"It's a huge threat to the beekeeping industry," says Eric Olson, vice president of the Washington State Beekeepers Association and owner of a large commercial pollination service. "If we don't corral this thing and get it stopped, by next year we may not have any bees. That's how fast it works." Olson says he's lost 4,000 hives to the pestilent pathogen since January, and that other commercial beekeepers in Western Washington are reporting a similar rate of loss. But while the die-off seems to be concentrated on the west side, colonies across the state are off 35 to 50 percent, the Seattle Times reports.
Honeybees pollinate an estimated one third of our diet, according to Steve Shepherd, a researcher at WSU. Many of the most profitable crops in Washington -- from apples to cranberries -- are pollinated by honeybees.
Funded in large part by private donations from beekeepers and the growers who depend on them, Shepherd has begun a regional "colony health survey." Numerous factors can cause the health of a colony to deteriorate, he says, including infestation by parasitic mites. The culprit that killed Olson's bees is nosema ceranae -- a microsporidian that spawns within its host's gut. Nosema apis, a close relative, typically causes problems in the winter when bees don't leave their hives. The new, variant strain -- which Shepherd says was identified only last year (although frozen specimens suggest that it's been in the U.S. since 1995) -- continues to be a lethal problem even when the weather warms up.
"In Europe, it's been responsible for many thousands of colonies dying," Shepherd says. "The idea of this colony health survey is to look at samples around the state and get an idea of the distribution of these various problems."
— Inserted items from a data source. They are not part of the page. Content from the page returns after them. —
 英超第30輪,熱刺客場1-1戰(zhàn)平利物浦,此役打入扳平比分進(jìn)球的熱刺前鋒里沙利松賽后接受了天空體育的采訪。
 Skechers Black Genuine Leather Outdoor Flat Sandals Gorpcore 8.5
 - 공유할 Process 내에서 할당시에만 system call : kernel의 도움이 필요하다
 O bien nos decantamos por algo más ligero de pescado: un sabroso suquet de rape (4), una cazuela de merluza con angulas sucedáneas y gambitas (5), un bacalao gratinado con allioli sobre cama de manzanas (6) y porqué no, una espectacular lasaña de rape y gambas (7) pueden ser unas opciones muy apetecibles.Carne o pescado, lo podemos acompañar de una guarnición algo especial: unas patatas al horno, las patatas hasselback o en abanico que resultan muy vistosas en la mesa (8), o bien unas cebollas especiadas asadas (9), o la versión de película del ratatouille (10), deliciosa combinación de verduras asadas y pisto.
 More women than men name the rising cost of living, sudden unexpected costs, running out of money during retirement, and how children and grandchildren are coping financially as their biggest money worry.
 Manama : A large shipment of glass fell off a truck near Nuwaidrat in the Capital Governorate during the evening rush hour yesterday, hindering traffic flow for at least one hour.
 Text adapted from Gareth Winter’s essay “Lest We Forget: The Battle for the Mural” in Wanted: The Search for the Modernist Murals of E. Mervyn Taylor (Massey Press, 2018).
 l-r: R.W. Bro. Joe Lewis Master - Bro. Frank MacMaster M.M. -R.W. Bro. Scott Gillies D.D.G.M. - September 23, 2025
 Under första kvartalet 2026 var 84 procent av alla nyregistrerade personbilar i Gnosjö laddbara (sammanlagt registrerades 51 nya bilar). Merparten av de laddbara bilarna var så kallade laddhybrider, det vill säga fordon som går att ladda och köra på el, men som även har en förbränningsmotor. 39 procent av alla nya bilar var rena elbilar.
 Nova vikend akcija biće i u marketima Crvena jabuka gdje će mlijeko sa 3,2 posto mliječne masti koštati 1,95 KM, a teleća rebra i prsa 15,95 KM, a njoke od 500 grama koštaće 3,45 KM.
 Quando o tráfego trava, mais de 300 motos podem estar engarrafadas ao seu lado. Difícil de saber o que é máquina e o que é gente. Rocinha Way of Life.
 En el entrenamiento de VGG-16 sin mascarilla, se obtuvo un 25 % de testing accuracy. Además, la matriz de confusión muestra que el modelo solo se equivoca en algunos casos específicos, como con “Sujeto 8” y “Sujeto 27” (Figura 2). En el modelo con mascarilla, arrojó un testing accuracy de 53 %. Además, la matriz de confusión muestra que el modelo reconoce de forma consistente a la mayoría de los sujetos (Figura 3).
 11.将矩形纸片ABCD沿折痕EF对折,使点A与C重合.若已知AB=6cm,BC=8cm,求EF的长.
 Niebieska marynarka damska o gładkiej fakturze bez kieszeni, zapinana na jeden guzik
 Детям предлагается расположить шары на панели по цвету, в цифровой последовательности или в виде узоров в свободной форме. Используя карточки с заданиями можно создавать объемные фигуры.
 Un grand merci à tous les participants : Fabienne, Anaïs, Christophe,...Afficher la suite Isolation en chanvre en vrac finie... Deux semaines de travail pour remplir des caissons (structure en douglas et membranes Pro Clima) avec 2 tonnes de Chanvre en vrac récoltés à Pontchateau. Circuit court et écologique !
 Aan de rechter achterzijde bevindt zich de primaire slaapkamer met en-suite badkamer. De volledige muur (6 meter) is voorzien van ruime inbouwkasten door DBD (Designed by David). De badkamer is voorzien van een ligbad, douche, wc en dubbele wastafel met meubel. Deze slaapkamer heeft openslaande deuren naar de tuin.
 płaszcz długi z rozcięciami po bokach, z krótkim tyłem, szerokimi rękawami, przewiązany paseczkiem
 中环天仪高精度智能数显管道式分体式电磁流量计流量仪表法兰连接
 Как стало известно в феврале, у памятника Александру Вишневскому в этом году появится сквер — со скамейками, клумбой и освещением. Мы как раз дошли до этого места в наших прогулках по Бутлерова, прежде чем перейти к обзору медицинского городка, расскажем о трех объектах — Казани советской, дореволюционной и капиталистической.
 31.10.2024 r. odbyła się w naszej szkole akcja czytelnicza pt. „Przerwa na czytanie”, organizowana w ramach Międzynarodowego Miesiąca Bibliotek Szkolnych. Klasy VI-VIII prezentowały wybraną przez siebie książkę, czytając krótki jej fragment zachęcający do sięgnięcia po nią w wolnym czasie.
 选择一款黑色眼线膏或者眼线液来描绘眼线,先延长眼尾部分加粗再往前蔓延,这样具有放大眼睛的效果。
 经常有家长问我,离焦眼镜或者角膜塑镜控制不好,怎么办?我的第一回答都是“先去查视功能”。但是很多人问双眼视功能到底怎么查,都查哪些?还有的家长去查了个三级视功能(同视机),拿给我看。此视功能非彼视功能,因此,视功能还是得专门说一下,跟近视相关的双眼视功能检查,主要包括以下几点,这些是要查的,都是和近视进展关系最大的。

In 2006, beekeepers around the country began reporting a high rate of dwindling or abandoned colonies -- a largely unexplained phenomenon that came to be called "colony collapse disorder." No single cause has been identified. Shepherd says it could be pathogens, starvation, the use of pesticides, stress from transportation or any combination thereof. Anything that shortens the lifespan of the bees might not leave enough workers in the colony to tend to the brood of larvae, and the colony peters out. Nationally, many commercial beekeepers reported losing between 25 percent and 40 percent of their insects in 2007. The epidemic in Western Washington this year doesn't appear to be the same phenomenon, according to Shepherd.
Olson doesn't haggle over terminology, however. "Whatever it is, the bees are just as dead," he says, "whether you call it 'colony collapse disorder' or something else.
"I fear that Western Washington will be the first place in the nation that does not have bees for pollination," he says. "It's a big problem. I've told the growers that if I don't find an answer, I cannot continue to live with 80 percent losses. I'll have to get out of there."